View larger version (19K): [in this window] [in a new window]   Fig. 2. Environment Salinity Effects on Embryonic Pituitary PRL-RFP Signals A, Immediately after fertilization, live transgenic embryos were divided into culture medium with salinity of 500, 1000, or 2000 eV (electron volt), equivalent to 0.5x, 1x, and 2x routine medium (0.025%, 0.05%, or 0.1% salt concentration). At 48 and 72 hpf, RFP signal intensity and area size were analyzed using fluorescent microscopy and Openlab software. The inverse association of PRL-RFP signals with medium salinity is apparent, and is not blocked by sulpride. PRL-RFP is presented as mean ± SEM of intensity x area, adjusted so that the value of the group without sulpride and in 500 eV salinity is 1. Inset, Comparison of lactotroph numbers in embryos cultured in 0.5x or 2x routine medium at 30 hpf. The y-axis shows the number of RFP-positive cells per embryo. A total of 116 embryos were used in the experiment. Similar results were obtained in two independent experiments. B, Live transgenic embryos were continuously treated with bromocriptine starting from the 20-somite stage, in the presence or absence of 200 µM sulpride at 1000 eV salinity. At 48 hpf, PRL-RFP signal intensity and area size were analyzed using fluorescent microscopy and Openlab software. PRL-RFP signals were dose-dependently suppressed by bromocriptine, and were reversed by sulpride. PRL-RFP is presented as mean ± SEM of intensity x area. A total of 140 embryos were used in the experiment. Similar results were obtained in three independent experiments.

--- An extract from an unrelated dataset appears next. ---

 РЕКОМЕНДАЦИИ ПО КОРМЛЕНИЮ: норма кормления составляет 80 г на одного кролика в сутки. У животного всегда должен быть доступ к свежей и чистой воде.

To further examine the specificity of dopaminergic signaling on embryonic lactotrophs, we treated live PRL-RFP/POMC-GFP transgenic embryos with bromocriptine, a DA receptor agonist, starting at the 20-somite stage. By 48 hpf, dose-dependent bromocriptine suppression of pituitary PRL-RFP signals was reversed by sulpride (Fig. 2B). No significant effects of bromocriptine or sulpride on POMC-GFP signals were observed using the same doses (data not shown). These results indicate that, although dopaminergic and osmotic effects on embryonic lactotrophs both begin during early ontogeny, they function independently of each other.

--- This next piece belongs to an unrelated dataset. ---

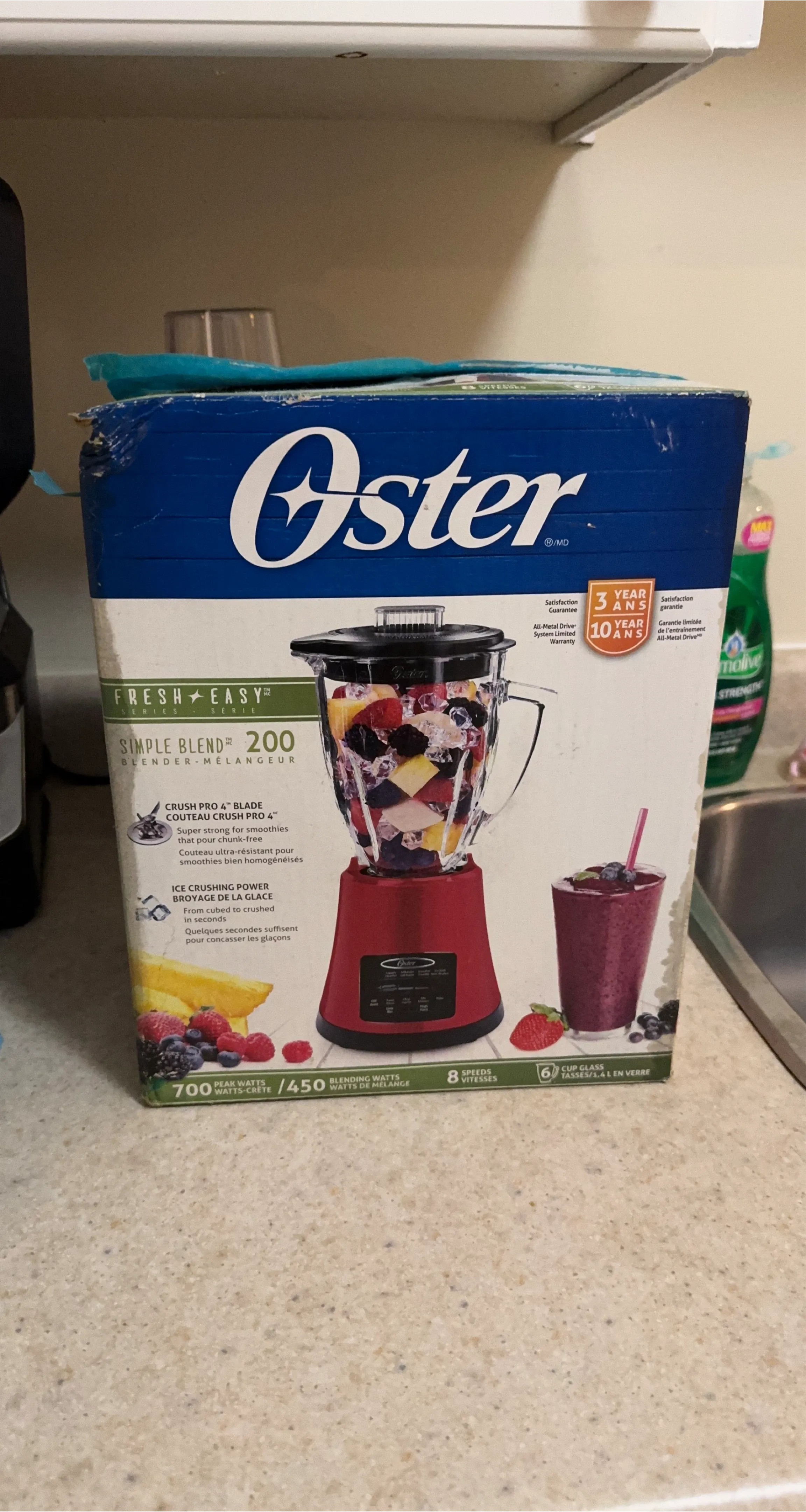 Oster Simple Blend 200 blender with a red base. It has 700 peak watts and 450 blending watts with 8 speeds. Features a Crush Pro 4 blade and a 1.4 L glass jar. Includes a 3-year satisfaction guarantee and a 10-year All-Metal Drive System Limited Warranty.

Drd2c Is the Major Pituitary D2 Receptor Subtype during Early Ontogeny
To further validate the pharmacological observations of dopaminergic effects on embryonic lactotrophs, we examined pituitary Drd2 expression at an early developmental stage. Zebrafish Drd2 are encoded by three separate genes, Drd2a, Drd2b, and Drd2c, representing three subtypes sharing 66–71% amino acid homology with that of the human Drd2 (22). Our RNA whole-mount in situ hybridization analysis of 48 hpf embryos showed Drd2a, Drd2b, and Drd2c expressions in specific tegmental, diencephalon, and hindbrain regions (Fig. 3, A–H), consistent with a previous report (22). Pituitary Drd2c expression is low but clearly present (Fig. 3, D and H). Although Drd2b is very weakly expressed, no pituitary Drd2a is detected (Fig. 3, B, C, F, and G).

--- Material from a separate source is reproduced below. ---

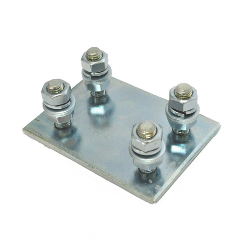 Готовые площадки со шпильками под роликовые опоры для откатных ворот. Площадки привариваются к фундаменту для откатных ворот, а сами ролики для откатных ворот крепятся к площадке при помощи шпилек и гаек. Это немного дороже, чем приварить опоры непосредственно к швеллеру, но избавляет Вас от ненужной возни и затрат времени, т.к. добиться точного выставления по одной прямой роликовых опор (если ролики будут стоять не по прямой, то будут сильно изнашиваться) без регулировочных подставок очень сложно.

View larger version (54K): [in this window] [in a new window]   Fig. 3. Pituitary Dopamine D2 Receptor Subtypes A–H, mRNA whole-mount in situ hybridization using antisense mRNA of PRL (A and E), Drd2a (B and F), Drd2b (C and G) and Drd2c (D and H) as probes. Pituitary expression of Drd2c, although weak, is clearly detectable at 48 hpf, whereas Drd2b expression is only faintly detected and no pituitary Drd2a expression was detected. A–D, Dorsal views; E–H, lateral views. Left, Anterior; right, posterior; pit, pituitary; di, diencephalon; hi, hindbrain; hy, hypothalamus; rh, rhombomere; tg, tegmentum. I, MO-injected embryos are viable at 48 hpf but show cardiac congestion, a small brain and overall growth retardation. J, One- to two-cell stage homozygous PRL-RFP/POMC-GFP double transgenic embryos were injected with Drd2a, Drd2b, and Drd2c MO or vehicle (mock injection) and then cultured in routine medium. At 48 hpf, PRL-RFP signal intensity and area size were analyzed using fluorescent microscopy and Openlab software. Transgenic embryos injected with Drd2c MO exhibit markedly increased PRL-RFP signals presented as mean ± SEM of intensity x area, adjusted so that the value of the mock injection group is 1. Statistical analyses were performed by two-tailed Student’s t test. *, P < 0.003 compared with mock injection group; n = 8–10 embryos for each injected group.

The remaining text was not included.